The case of Oscar Pistorius (S v Pistorius 2014 JDR 2127 (GP); Director of Public Prosecutions, Gauteng v Pistorius 2016 (2) SA 317 (SCA)) is of little jurisprudential value. Nevertheless, it captured the imagination of the public, and some who have tried to make something significant of the case. It seems therefore to be worth highlighting the critical findings of the Supreme Court of Appeal (SCA) to correct some misunderstandings which have arisen out of the mythical status which the case took on.

It is of critical importance to note that the accused’s defence was critically, contradictory, on two mutually exclusive scenarios: one required that he was thinking, the other that he was not. Both were rejected, and the SCA noted, significantly in respect of both, that the accused had failed to explain himself — that he was lying — on both accounts: that he was thinking and that he was not thinking.

The argument that he was not thinking, and acted as an automaton (a valid and complete defence), appears in the SCA decision, as follows (at [48]):

‘The argument appears to have been that in the circumstances that prevailed, the accused may well have fired without thinking of the consequences of his actions.’

The court goes on to immediately exclude the claim based on the accused’s own version (at [50]-[51]). Something critical to the SCA judgement which is not sufficiently appreciated is that the court observed (at [49]): ‘… he fired four shots through the door. And he never offered an acceptable explanation for having done so.’ Quite simply, the accused did not coherently raise a defence to the effect that his mind was not capable of rational thought at the critical time.

As to the suggestion that he was thinking, but had, been mistaken, or confused, and so, not thinking properly, his claim — technically known as the defence of putative private defence (another valid and complete defence) — was that he had fired in the mistaken belief that he was entitled to use lethal force. The SCA noted that the claim relies on the ability of an accused to think rationally, but that, if that is the case, again, both his own version (at [52]-[54]) and his failure to explain himself properly (or at all) precluded a successful claim to this defence. Again, the court’s sentiments on the accused’s veracity and honesty are worth noting (at [53] emphasis added):

‘The immediate difficulty that I have with the accused’s reliance upon putative private defence is that when he testified, he stated that he had not intended to shoot the person whom he felt was an intruder.

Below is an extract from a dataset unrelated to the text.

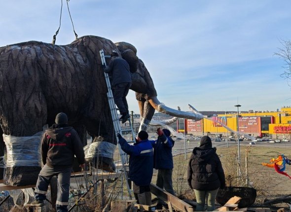 IrkutskMedia, 27 октября. Монументальную фигуру мамонта установили в Иркутске. Скульптура украсила территорию рядом с "Домом природы" Иркутской зоогалереи.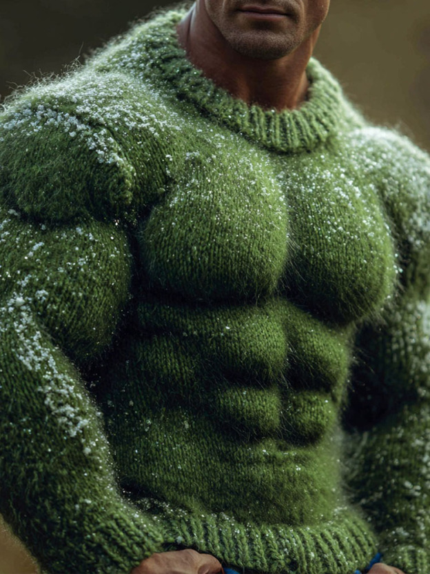 Men's Christmas Season Green Muscle Art Cozy Knit Sweater

This immediately placed himself beyond the ambit of the defence, although as I have said, his evidence is so contradictory that one does just not know his true explanation for firing the weapon. …

This constituted prima facie proof that the accused did not entertain an honest and genuine belief that he was acting lawfully, which was in no way disturbed by his vacillating and untruthful evidence in regard to his state of mind when he fired his weapon.’

In the circumstances Pistorius contradicted himself, claiming, at one point that he was thinking, at another, that he was not — and in doing so, he made it clear that he was lying on both accounts. That left only one possible conclusion: that he intended to kill whoever was in the toilet well knowing that he was not entitled to. This, in law, is murder.